Write out word for word the lines from the one holding "A pair of elevating" through the end of the data, and only those lines. Pictures stay out.

## [The data]
+ + +

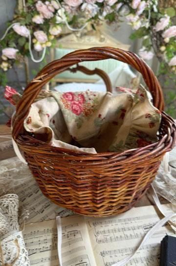 フランスアンティークのアンティークパニエ。内側にローズのヴィンテージ生地のカバーがついたラウンドパニエ。ラウンドの周囲からアーチ状にもち上がったハンドルを上に引っ掛けて。テーブルにフルーツの盛り合わせでディスプレイしてみたり。趣味の小物入れにしたりと実用的なパニエ。ブリュターニュ地方では収穫にハンドルパニエで使われていました。ハンドルは色が少し焼けてナチュラルから茶色へと変化して懐かしい風合いです。ラウンド型の家庭で大切に受け継がれてきたアンティークパニエ。マルシェへの買い物やキッチンのディスプレー兼収納としてはもちろん、普段は小物やワンちゃんの衣装などを収納しながらの見せる、ディスプレーとしても。さりげなくインテリアに溶け込みながら、おしゃれに絵になるフレンチアンティークパニエです。 | ![]() | ||||||||||||||
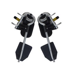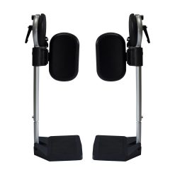 A pair of elevating leg rests for clients who require their leg/s to be elevated when seated in the chair. They can be used in conjunction with, or in replacement of the folding footrest. They are adjustable for the degree of angle and footplate height.
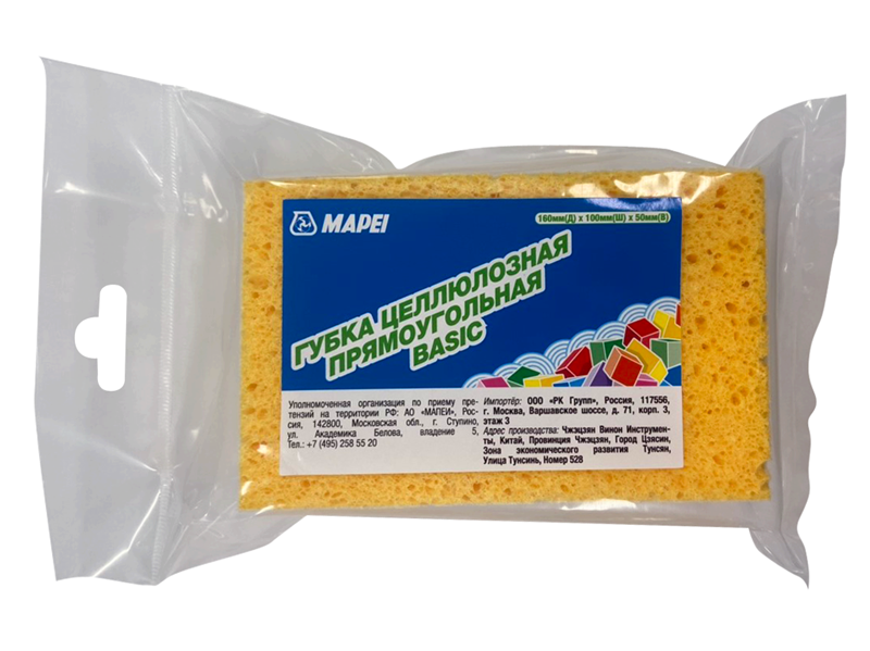 Губка целлюлозная прямоугольная Basic, ТМ MAPEI, Размер: 160 х 100 х 50 мм, 1 шт, Китай

+ + +

## [The answer]
 A pair of elevating leg rests for clients who require their leg/s to be elevated when seated in the chair. They can be used in conjunction with, or in replacement of the folding footrest. They are adjustable for the degree of angle and footplate height.
 Губка целлюлозная прямоугольная Basic, ТМ MAPEI, Размер: 160 х 100 х 50 мм, 1 шт, Китай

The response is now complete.